▸ **ACTION ITEM**
Below are entries. Give back exactly the lines from the one containing "تواصل معنا مؤسس" through the one containing "背びれと尾びれの先が白いのが分かるかな。 台風の後は、水温が一気に4℃ほども下がった。 |", inclusive, without the pictures.

▸ **AVAILABLE RECORDS**

----

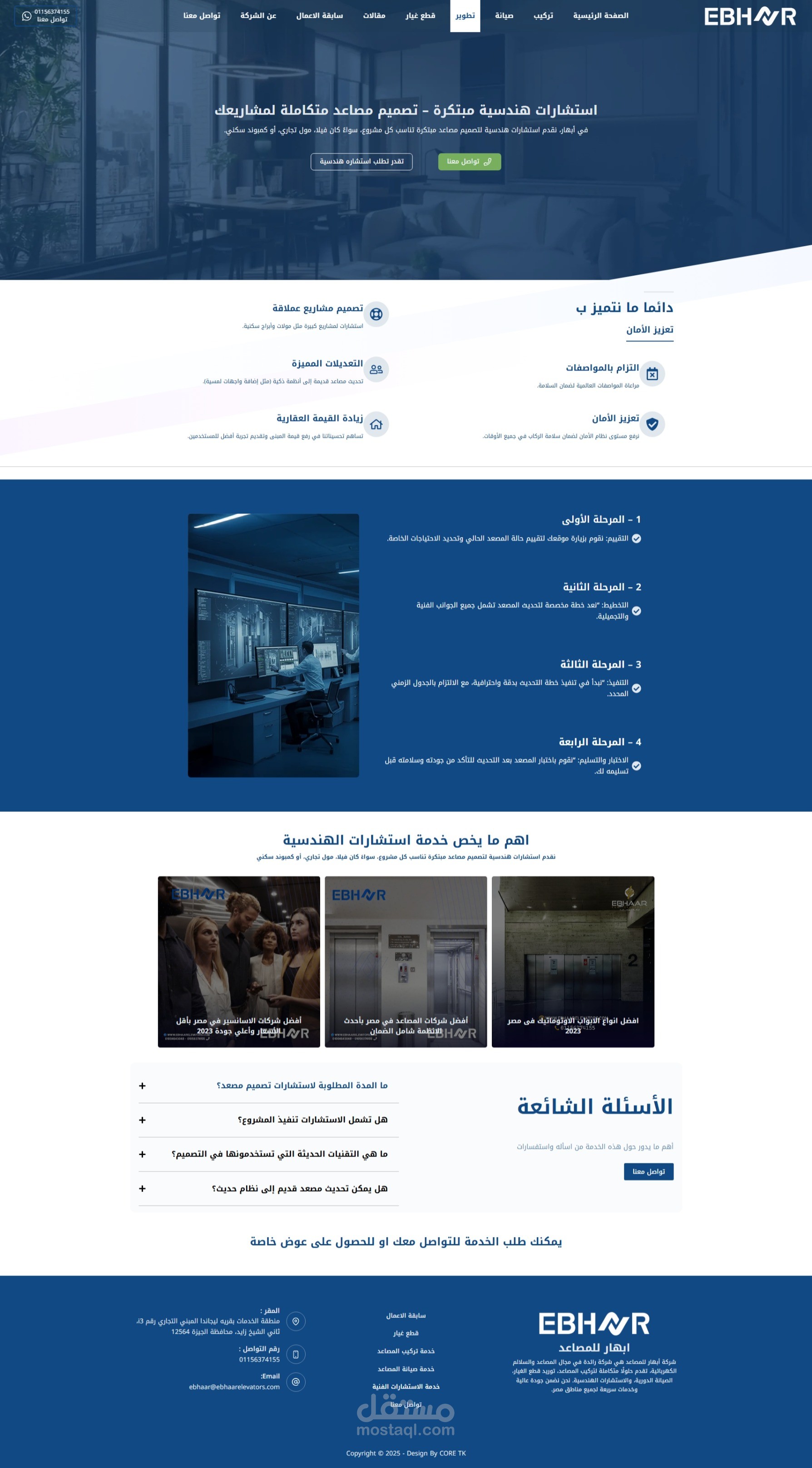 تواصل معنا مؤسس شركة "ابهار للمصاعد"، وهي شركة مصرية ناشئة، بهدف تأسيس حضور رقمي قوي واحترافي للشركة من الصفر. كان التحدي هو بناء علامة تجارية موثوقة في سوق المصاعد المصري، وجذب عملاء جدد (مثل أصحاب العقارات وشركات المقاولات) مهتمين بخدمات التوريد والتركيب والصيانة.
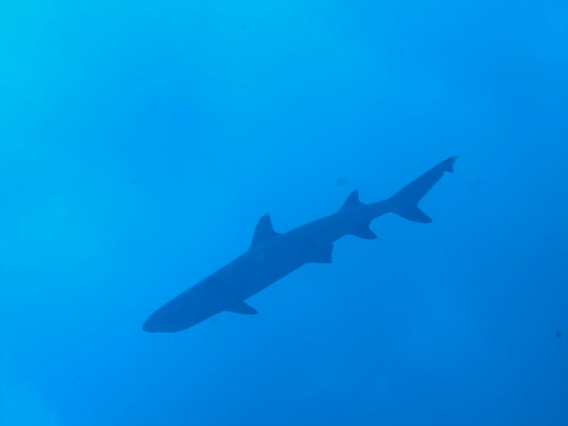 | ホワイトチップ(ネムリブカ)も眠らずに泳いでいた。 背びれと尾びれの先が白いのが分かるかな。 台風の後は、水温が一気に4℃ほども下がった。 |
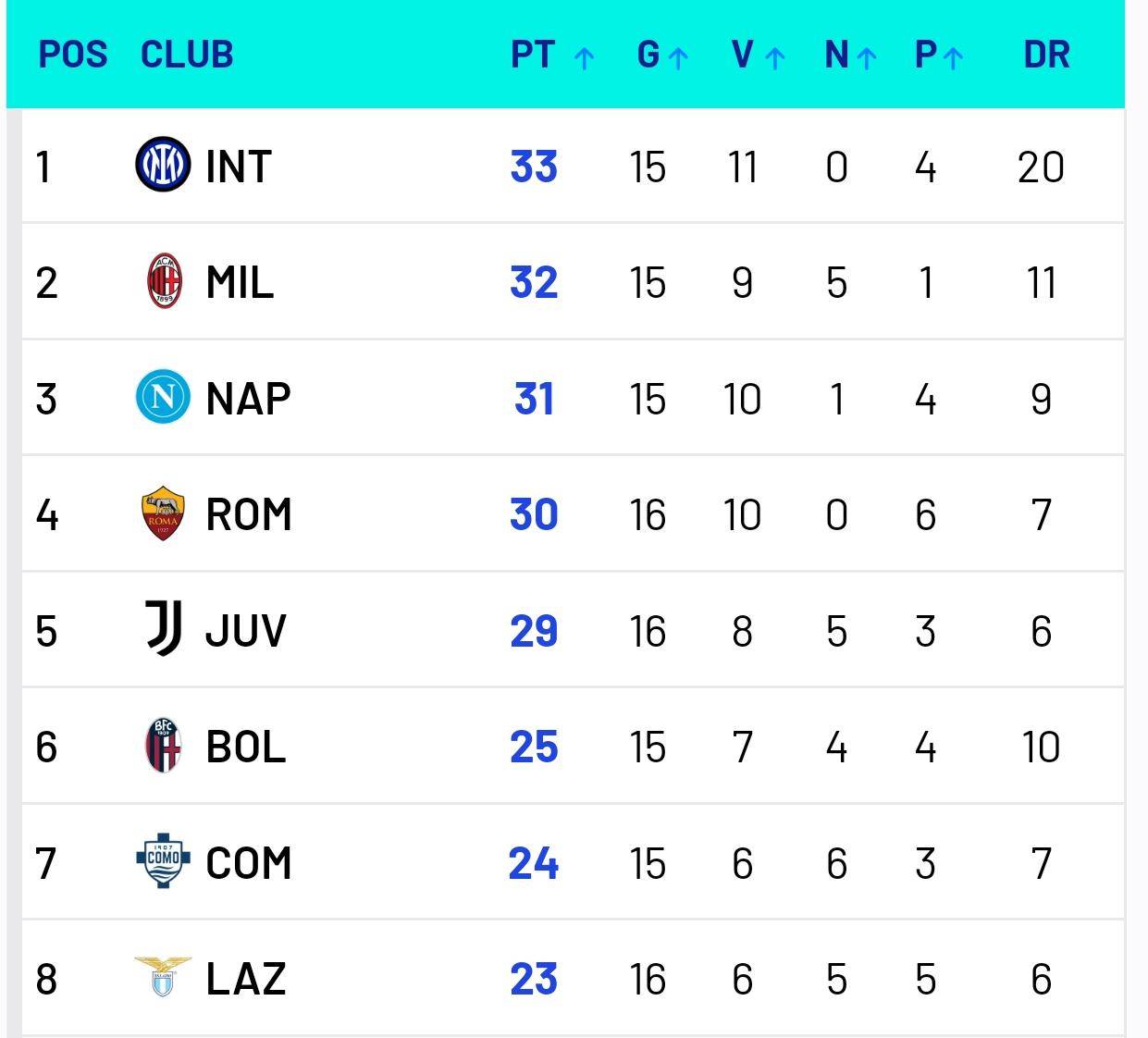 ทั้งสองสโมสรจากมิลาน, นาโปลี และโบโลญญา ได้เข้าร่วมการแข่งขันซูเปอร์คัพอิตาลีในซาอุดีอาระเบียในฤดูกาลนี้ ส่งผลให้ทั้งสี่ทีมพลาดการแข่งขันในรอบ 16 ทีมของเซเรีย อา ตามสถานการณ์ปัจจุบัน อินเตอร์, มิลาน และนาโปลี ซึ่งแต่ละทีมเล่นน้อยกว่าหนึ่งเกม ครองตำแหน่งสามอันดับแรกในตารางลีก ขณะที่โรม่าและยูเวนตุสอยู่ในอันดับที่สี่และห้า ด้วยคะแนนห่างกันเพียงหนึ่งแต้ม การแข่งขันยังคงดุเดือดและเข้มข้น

----

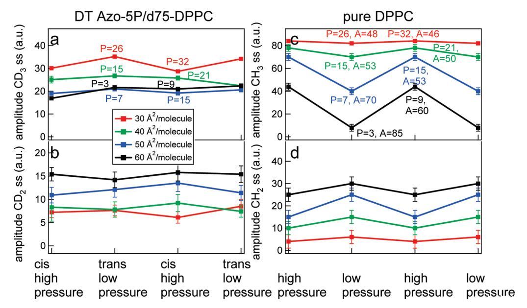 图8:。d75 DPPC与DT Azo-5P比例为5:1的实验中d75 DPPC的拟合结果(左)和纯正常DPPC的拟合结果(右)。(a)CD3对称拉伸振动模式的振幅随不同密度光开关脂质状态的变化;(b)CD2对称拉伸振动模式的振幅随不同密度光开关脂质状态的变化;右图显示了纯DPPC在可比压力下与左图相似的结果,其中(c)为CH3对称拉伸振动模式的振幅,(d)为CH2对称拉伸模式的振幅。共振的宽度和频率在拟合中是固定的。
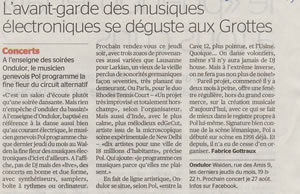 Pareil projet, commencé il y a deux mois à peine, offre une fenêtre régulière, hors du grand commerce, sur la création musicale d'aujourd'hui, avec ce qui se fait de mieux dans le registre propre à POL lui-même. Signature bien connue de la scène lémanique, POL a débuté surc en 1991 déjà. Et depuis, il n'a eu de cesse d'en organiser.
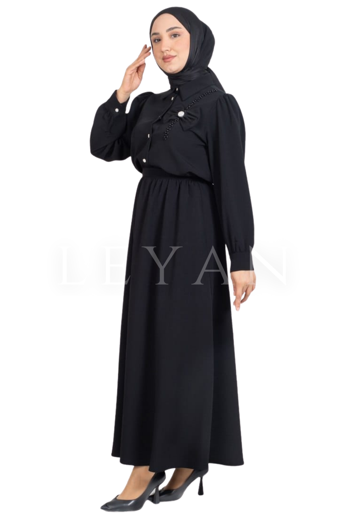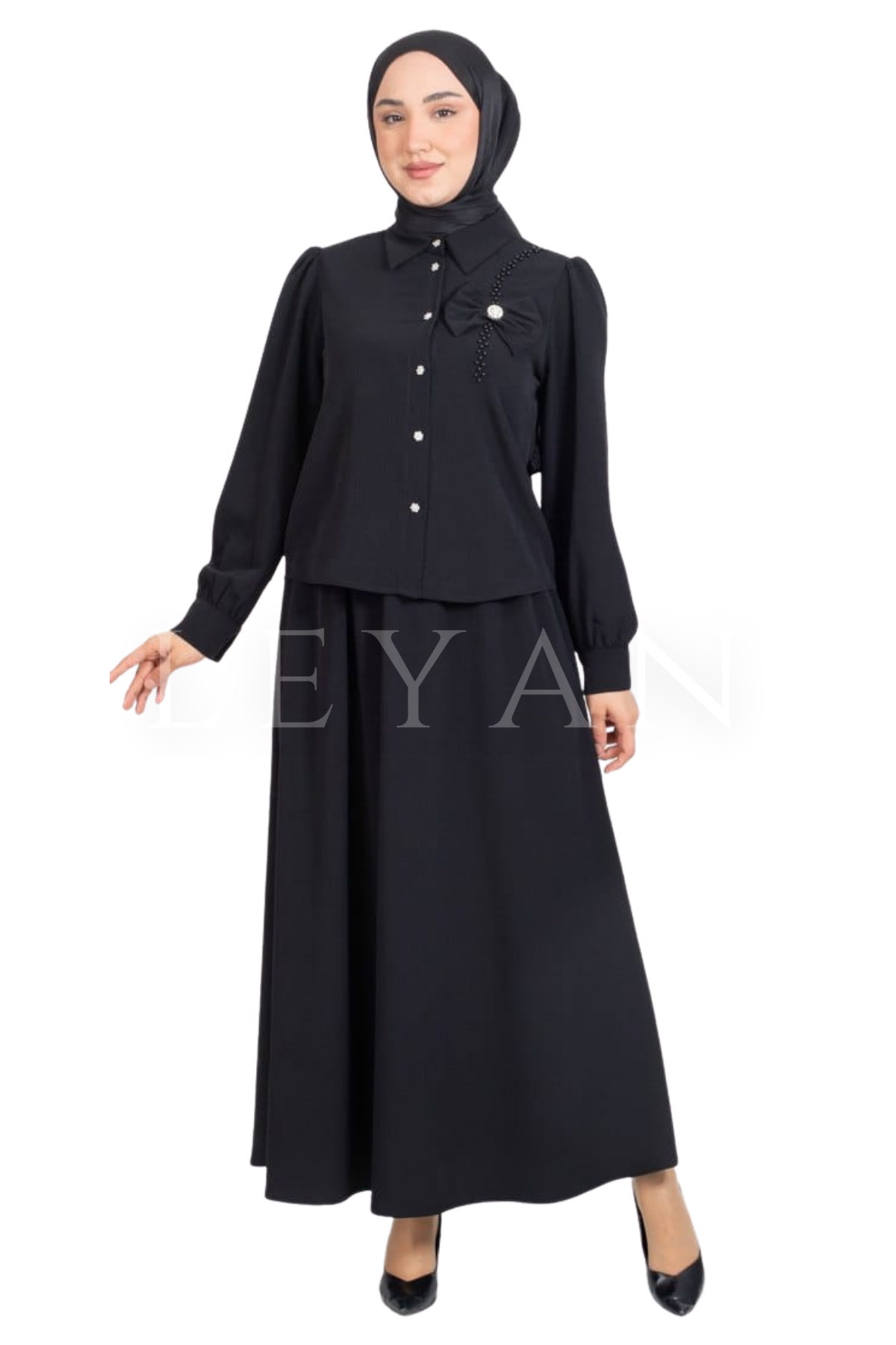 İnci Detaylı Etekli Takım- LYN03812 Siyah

----

▸ **EXERCISE RESPONSE**
 تواصل معنا مؤسس شركة "ابهار للمصاعد"، وهي شركة مصرية ناشئة، بهدف تأسيس حضور رقمي قوي واحترافي للشركة من الصفر. كان التحدي هو بناء علامة تجارية موثوقة في سوق المصاعد المصري، وجذب عملاء جدد (مثل أصحاب العقارات وشركات المقاولات) مهتمين بخدمات التوريد والتركيب والصيانة.
 | ホワイトチップ(ネムリブカ)も眠らずに泳いでいた。 背びれと尾びれの先が白いのが分かるかな。 台風の後は、水温が一気に4℃ほども下がった。 |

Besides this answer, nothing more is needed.